Two hours flit by and I reached Delhi. I hurriedly walked outside the airport and saw Shashank standing there. He was his usual self, tall, with a lanky frame. For a minute, all this hoopla surrounding the aura of my “marriage” dispersed into me looking into his eyes. He escorted me out of the airport and I was bought to his house. He had most of his family members and I had none but him. I thought he understood this fact somewhere down the line, fully self-conscious of the fact of my love for him. 

Finally, five of his family members and we were taken to the court of law. There, the final seal on our marriage had been put.

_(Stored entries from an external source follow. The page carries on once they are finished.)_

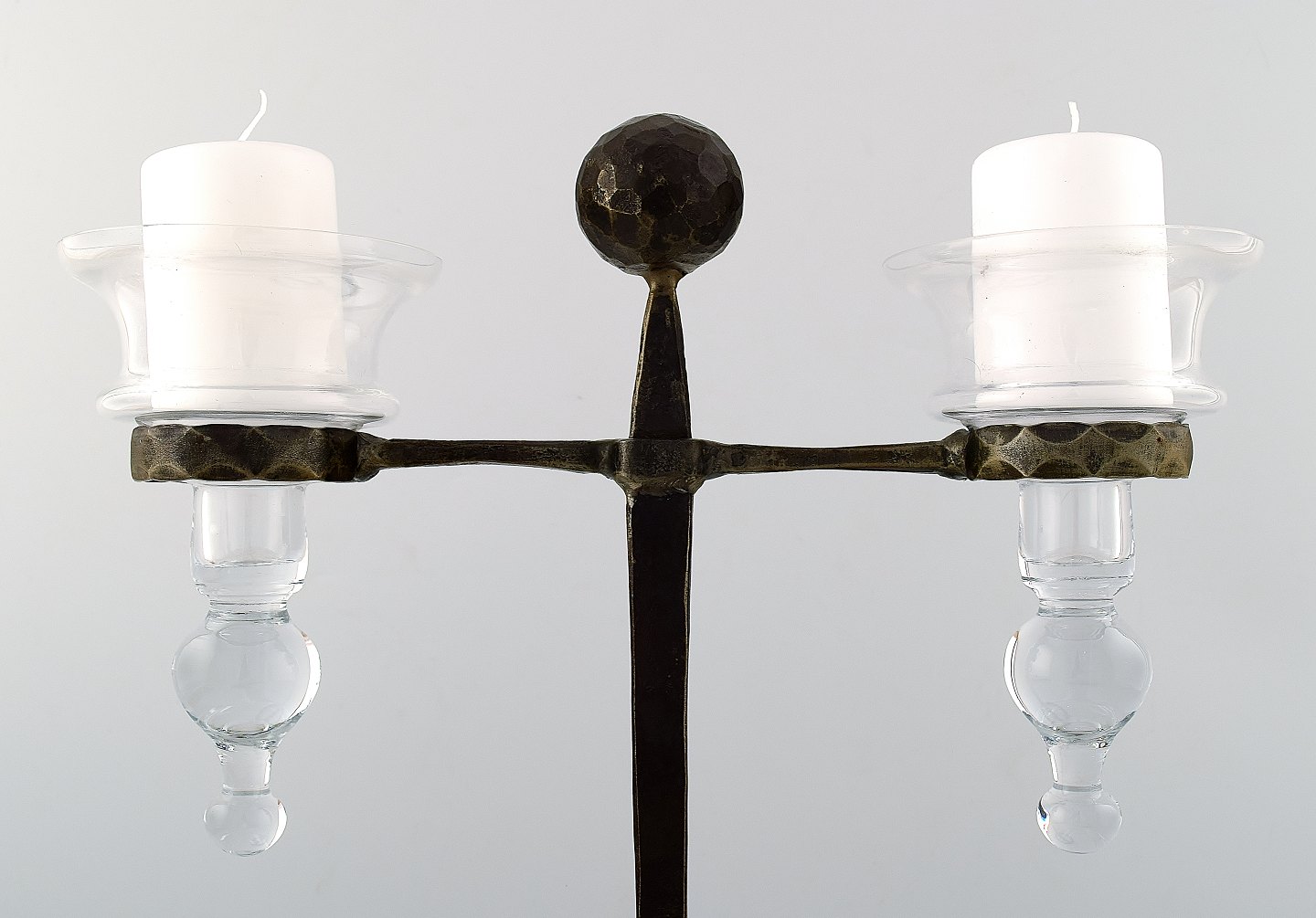 Erik Höglund for Kosta Boda. Sverige 60/70´erne. To-armet lysestage af støbejern med løse mundblæste kunstglas til lys. Måler 41 x 36 cm. I perfekt stand.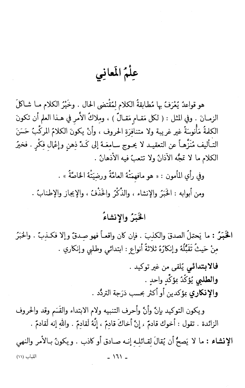 ومن أبوابه: الخبرُ والإنشاء، والذكر والحذفُ، والإيجاز والإطنابُ.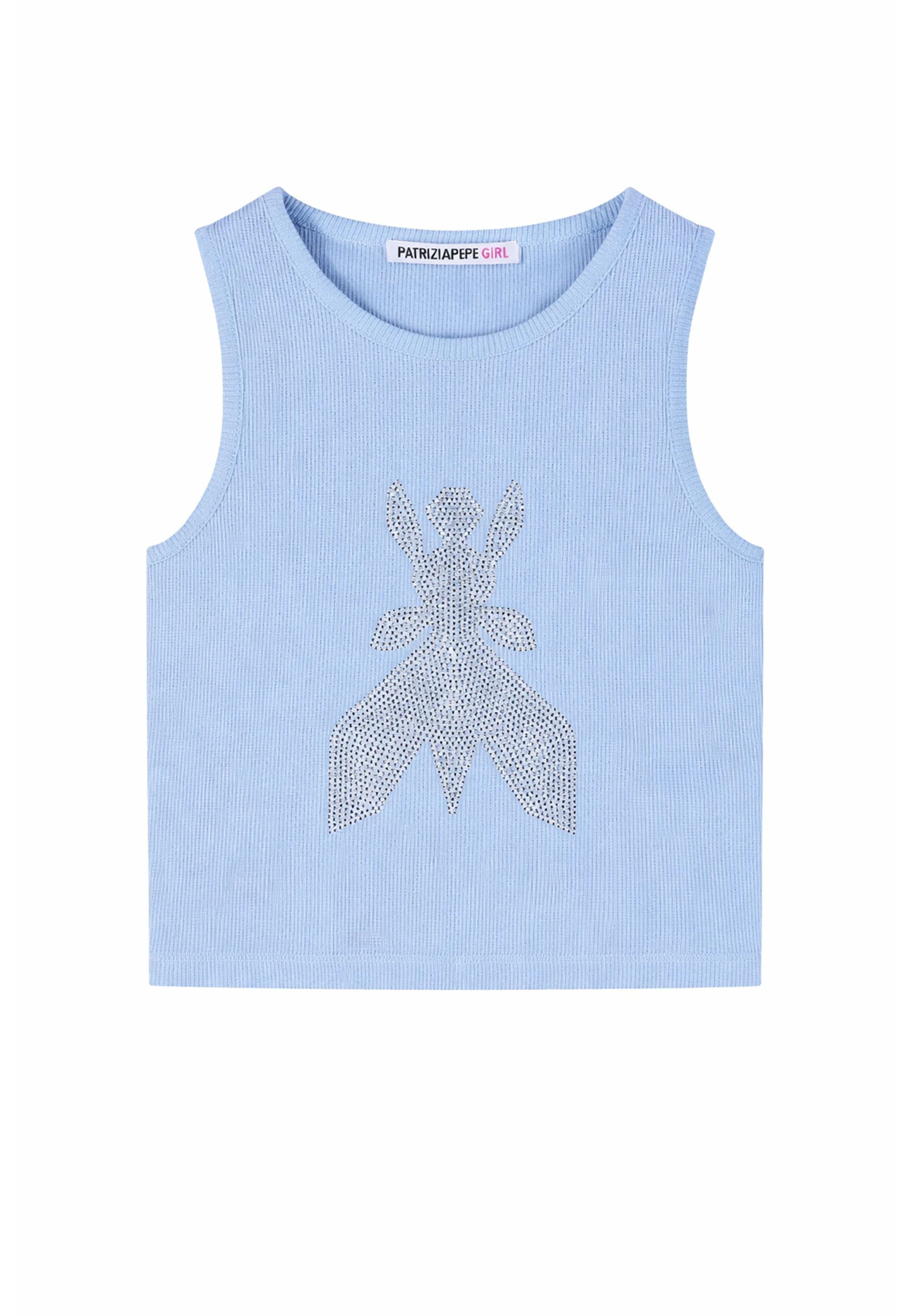 Patrizia pepe Top Azzurra con Logo Strass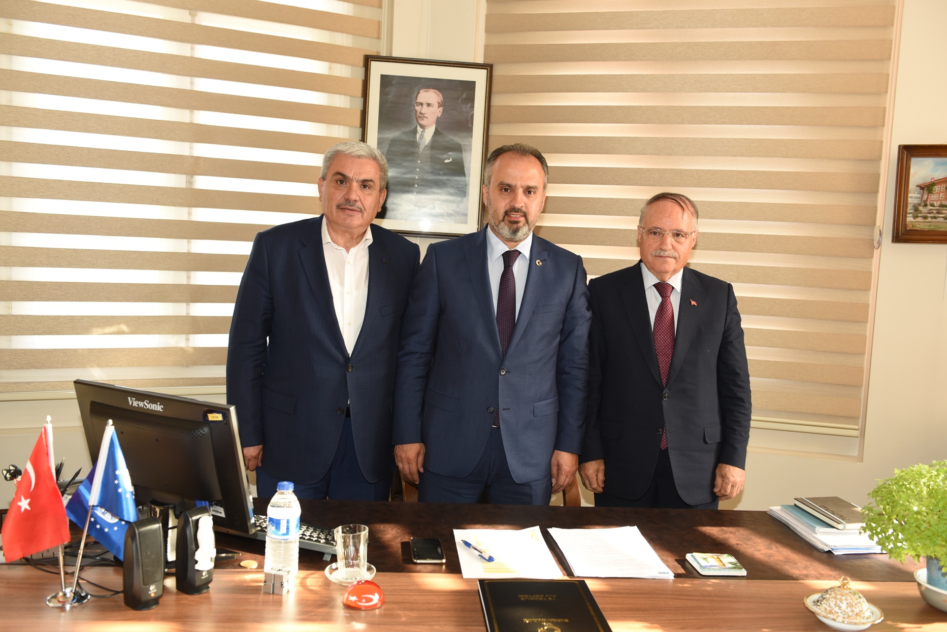 Büyükşehir Belediye Başkanı Alinur Aktaş, Tayyare Kültür Merkezi’nde Esnaf ve Sanatkarlar Odaları Birliği (BESOB) Başkanı Arif Tak ile Bursa Şoförler ve Otomobilciler Esnaf Odası Başkanı Hasan Topçu’yu ağırladı.
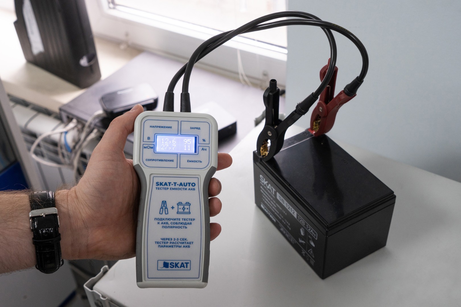 Автоматический тестер ёмкости аккумуляторных батарей SKAT-T-Auto предназначен для оперативной оценки технического состояния и остаточной ёмкости свинцово-кислотных АКБ с номинальным напряжением 12 В и номинальной ёмкостью 1,2-200 Ач.
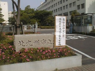 | 北九州大学正門 | 立派な校舎 | 会場の体育館 |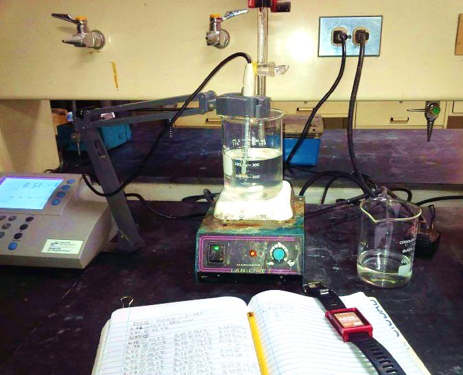 El montaje experimental (Fig. 3) estuvo comprendido por una plancha de calentamiento (hot plate) marca Magnestir Lab-Line, una bureta de 250 mL marca Cole Parmer, un beaker de 500 mL con agitador magnético y un pHmetro digital marca Denver Instrument, modelo 220.

I feel none, the excitement or the happiness a bride should feel. But I do admit, my heart leapt up to Shashak on seeing him so happy. 

I was brought to his house and everyone greeted me with a smile. Elaborate meals were cooked and people had surrounded the house as honeybees surround the honeycomb. Amongst all this chatter, I felt completely left out. “Trapped,” was it? Many a times, in so many weddings I realize the bride and the groom remain objects. Objects to be looked at and then people estimate the “approximate” price of the party given. Love somewhere down the line sneaks away out of this circle of fake enthusiasm.
I’d been terrible all day with the hectic court procedures and traveling. After people left, I was left in my own element in a room. I was told by my mother-in-law that Shashak would come to the room later. 

And this was the worse thing to do me thought- leave a young, sad girl all alone on the night of her wedding. The night when she’d meet her husband and tell him how much she loves him, the expression in the eye which expresses how a thousand moons give her solace when she hugs the man she loves. I’d felt none of this, all I could feel was loneliness. My heart ached and my mind moved from one image to another. I could see, somewhere in Chennai, my step mother filing for a police case for me missing. I could see the image of the neighboring children I used to play with and sing songs; I could feel the anger of my step mother, the anxiety of the children. Surprisingly, I couldn’t feel any joy that a newly wed bride is supposed to feel. 

I felt like running out of the room, removing all the unnecessary jewellery that I’d wore and go and melt in Shashank’s arm. I felt like crying like a child to him, laughing like a lover to him, and loving him as a wife would yearn to.

But I could do neither. It was night, about 2 a.m. I think. I heard some crackling sound and woke up. I saw Shashank right there, wanting to drink some water. He saw me open my eyes and took me in his arms. For some reason, I’d wanted to cry and tell him how much I loved him. But, something prevented me from doing so. Why can’t I cry and tell him how I felt, I don’t fathom.
Night passed and I was unable to speak anything. He made love to me, and I felt an emotion taking me higher than where I was. 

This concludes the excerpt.